Tools for working with sparse matrices.

Module Contents

scipy_sparse_eigs(A, B, N, target, matsolver, **kw)

Perform targeted eigenmode search using the scipy/ARPACK sparse solver for the reformulated generalized eigenvalue problem

A.x = λ B.x ==> (A - σB)^I B.x = (1/(λ-σ)) x

for eigenvalues λ near the target σ.

  • A, B (scipy sparse matrices) – Sparse matrices for generalized eigenvalue problem

  • N (int) – Number of eigenmodes to return

  • target (complex) – Target σ for eigenvalue search

  • matsolver (matrix solver class) – Class implementing solve method for solving sparse systems.

  • Other keyword options passed to scipy.sparse.linalg.eigs.

same_dense_block_diag(blocks, format=None, dtype=None)

Build a block diagonal sparse matrix from identically shaped dense blocks.

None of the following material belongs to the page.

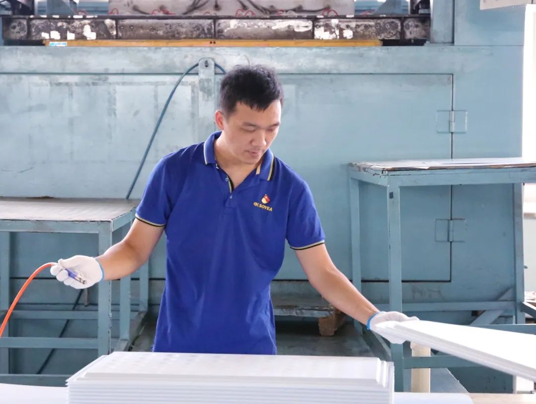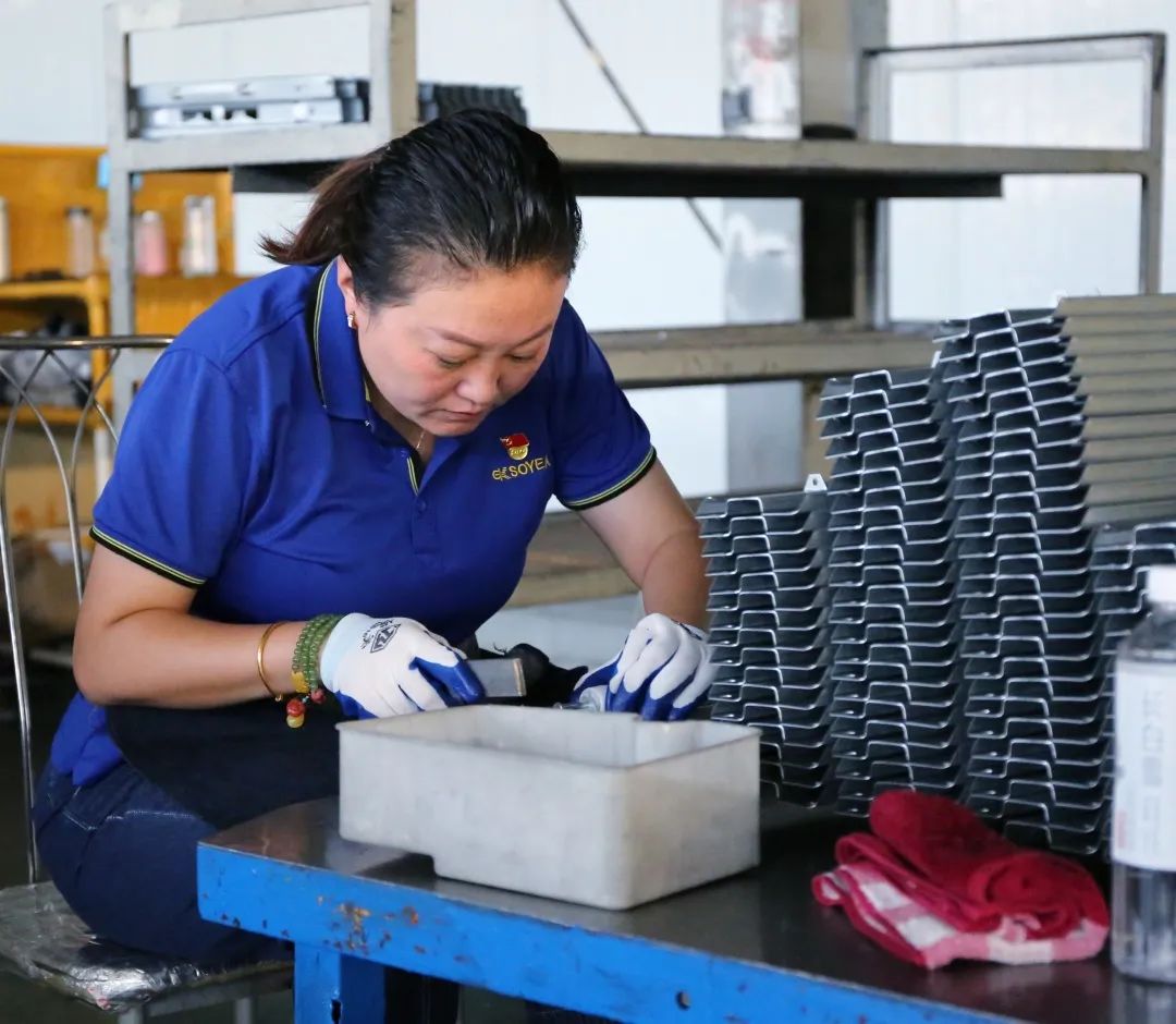 8月13日,共計有四個車間的32個崗位需要支援,上午六點半,由公司黨委書記、公司副總、公司財務(wù)總監(jiān)及廣大科室干部共計首批33人來到生產(chǎn)車間。服從車間安排,哪里需要哪里上,有的是第一次參加義務(wù)勞動,員工師傅們手把手的教,管理干部們認真學(xué)習(xí),傾聽講解,很快掌握要領(lǐng)。有的崗位雖然有難度系數(shù),但邊學(xué)邊干,不懂就問,與一線員工們在一起工作,體驗他們的辛苦,感受他們的勤勞,收獲同甘共苦的快樂。汗水浸透著索伊藍的工裝,但大家的干勁不減,依然是揮汗如雨戰(zhàn)高溫,保質(zhì)保量保訂單,與企業(yè)同呼吸,共命運。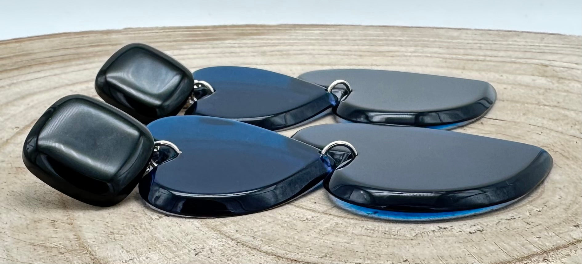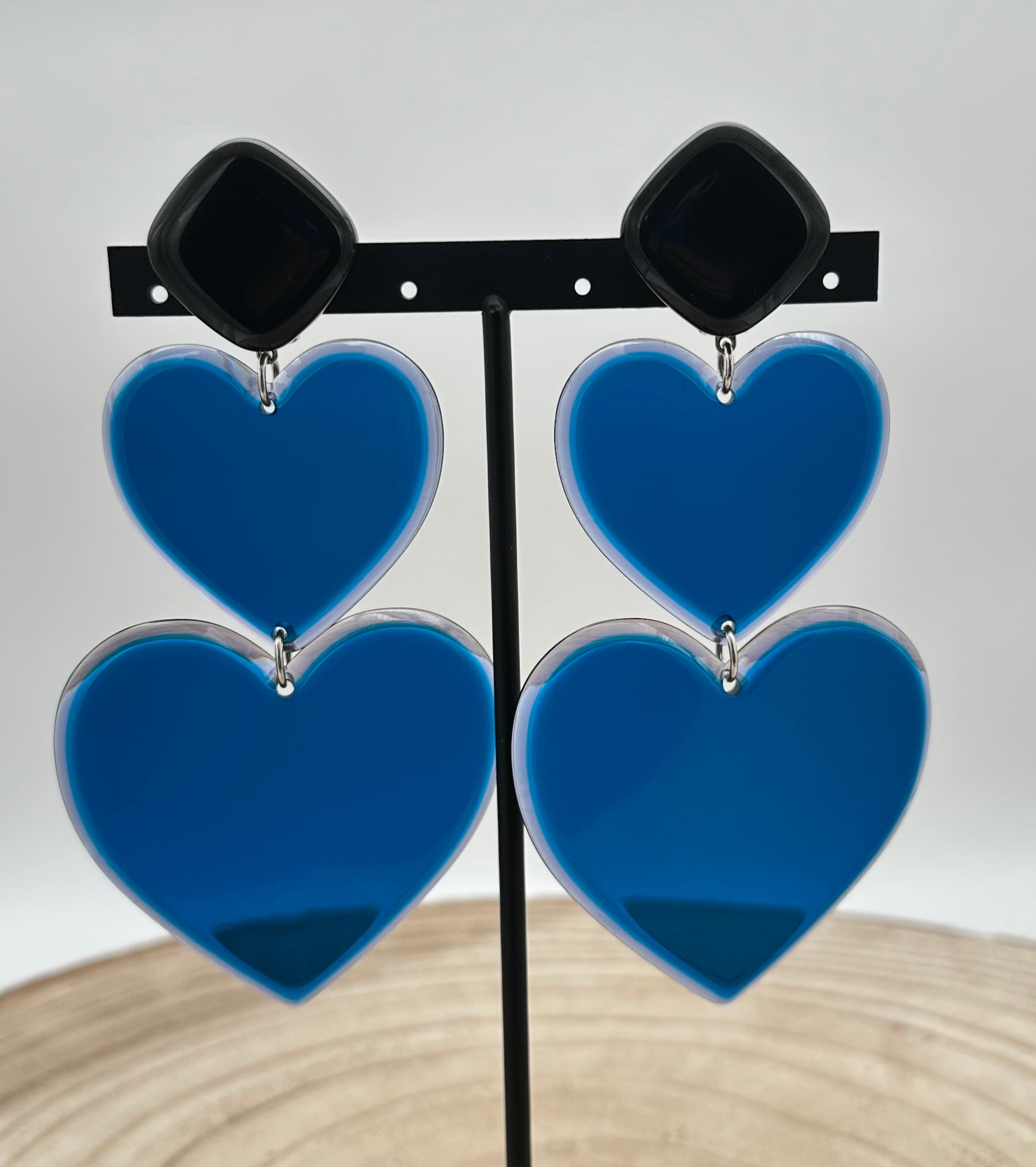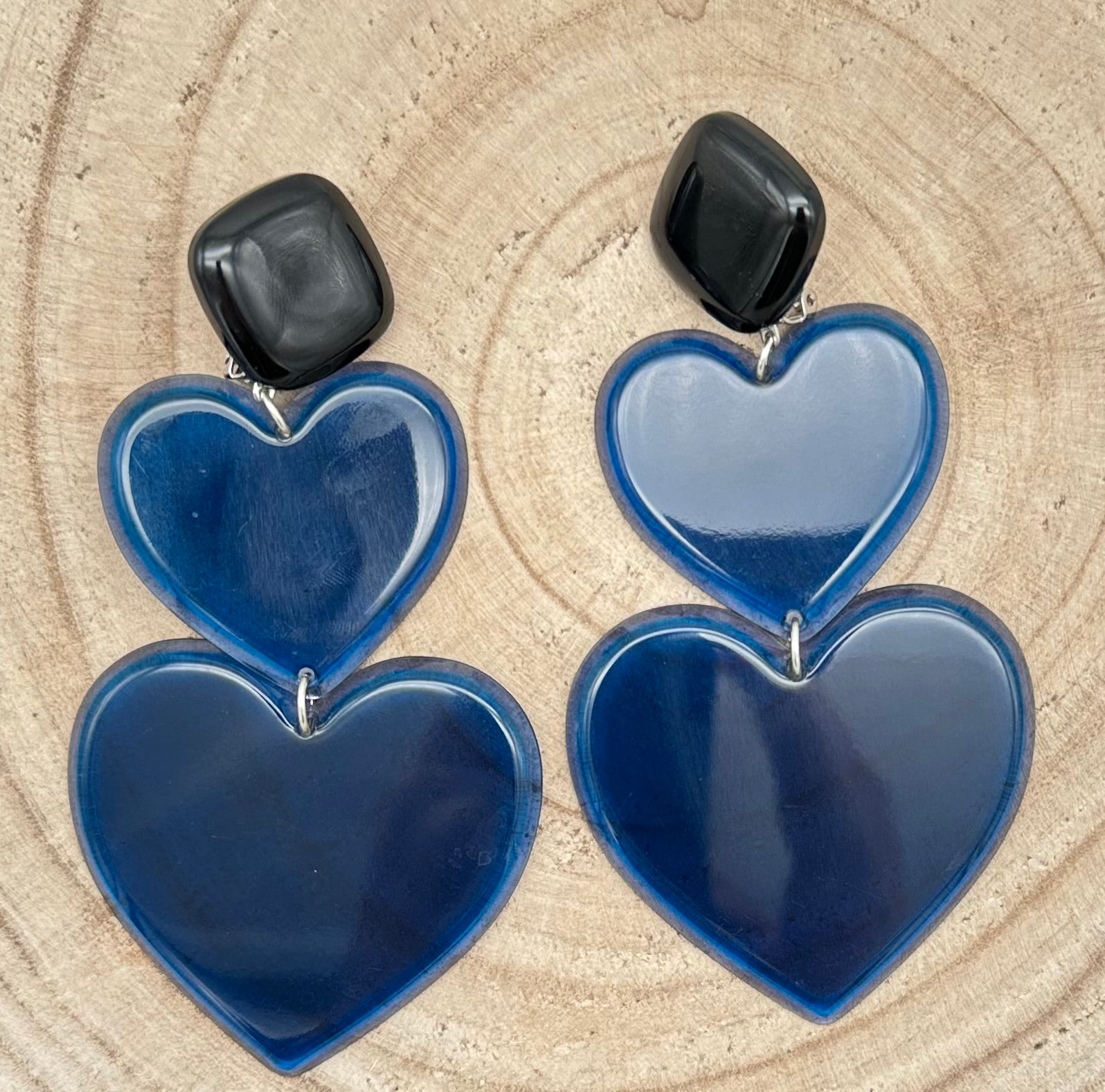 Boucle d’oreille Cœur, double cœur bleu - Francine BRAMLI

  • blocks (sequence of 2D ndarrays) – Input matrix blocks.

  • format (str, optional) – The sparse format of the result (e.g. “csr”). If not given, the matrix is returned in “coo” format.

  • dtype (dtype specifier, optional) – The data-type of the output matrix. If not given, the dtype is determined from that of blocks.



Return type

sparse matrix

fast_csr_matvec(A_csr, x_vec, out_vec)

Fast CSR matvec skipping type and shape checks. The result is added to the specificed output array, so the output should be manually zeroed prior to calling this routine, if necessary.